TASK REQUIREMENTS
These records contain pictures, which must be left out; copy exactly the lines from the one with "完成之后一样把上面的头发拉蓬。可以赢一个蝴蝶结发夹做装饰。" up to and including the one with "FAST Dell Computer".
PROVIDED DATA START
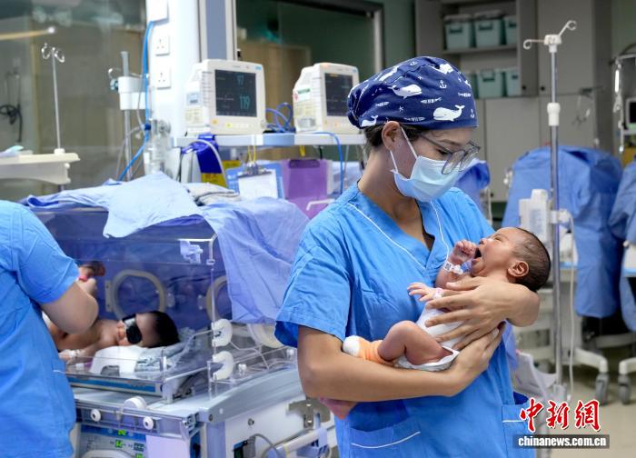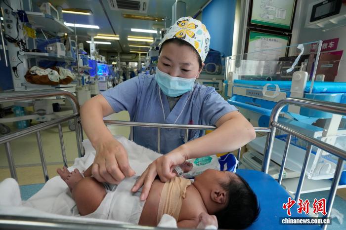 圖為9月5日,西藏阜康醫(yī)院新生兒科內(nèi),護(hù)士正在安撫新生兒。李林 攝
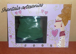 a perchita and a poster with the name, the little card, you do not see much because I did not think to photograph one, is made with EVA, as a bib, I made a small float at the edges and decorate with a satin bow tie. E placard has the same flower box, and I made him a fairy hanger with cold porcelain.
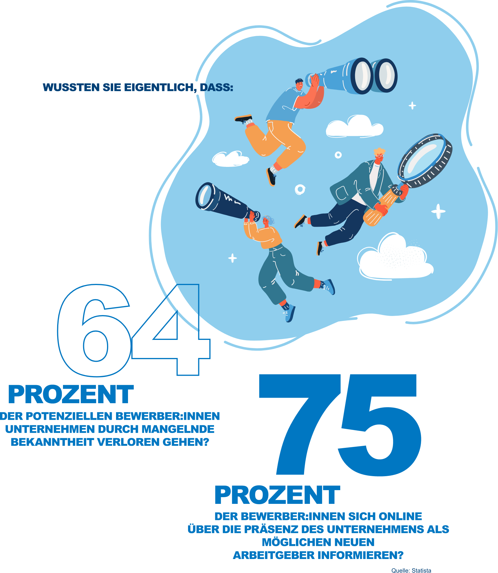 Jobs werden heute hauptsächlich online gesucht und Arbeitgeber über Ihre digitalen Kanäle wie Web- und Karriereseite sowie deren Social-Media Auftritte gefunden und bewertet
PROVIDED DATA END
PROVIDED DATA START
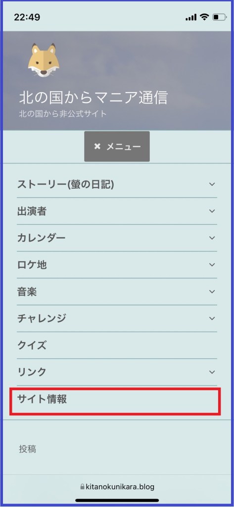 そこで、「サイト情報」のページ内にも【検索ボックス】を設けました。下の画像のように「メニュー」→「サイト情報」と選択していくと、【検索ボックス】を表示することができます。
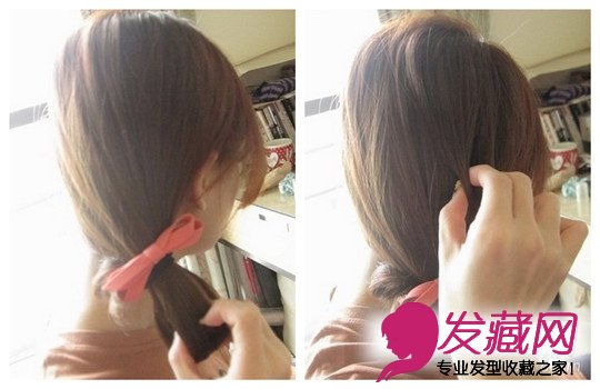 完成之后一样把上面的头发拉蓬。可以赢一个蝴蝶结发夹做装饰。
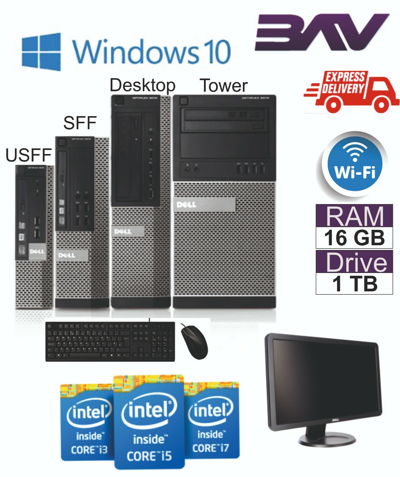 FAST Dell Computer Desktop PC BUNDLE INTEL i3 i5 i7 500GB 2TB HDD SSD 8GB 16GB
PROVIDED DATA END
PROVIDED DATA START
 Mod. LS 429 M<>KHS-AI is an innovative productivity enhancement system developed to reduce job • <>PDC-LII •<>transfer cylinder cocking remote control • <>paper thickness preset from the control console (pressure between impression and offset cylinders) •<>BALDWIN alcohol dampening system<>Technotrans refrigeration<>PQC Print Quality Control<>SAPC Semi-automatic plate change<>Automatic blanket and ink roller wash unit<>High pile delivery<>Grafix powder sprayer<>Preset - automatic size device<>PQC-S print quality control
PROVIDED DATA END
RESPONSE FOR THIS EXERCISE
 完成之后一样把上面的头发拉蓬。可以赢一个蝴蝶结发夹做装饰。
 FAST Dell Computer Desktop PC BUNDLE INTEL i3 i5 i7 500GB 2TB HDD SSD 8GB 16GB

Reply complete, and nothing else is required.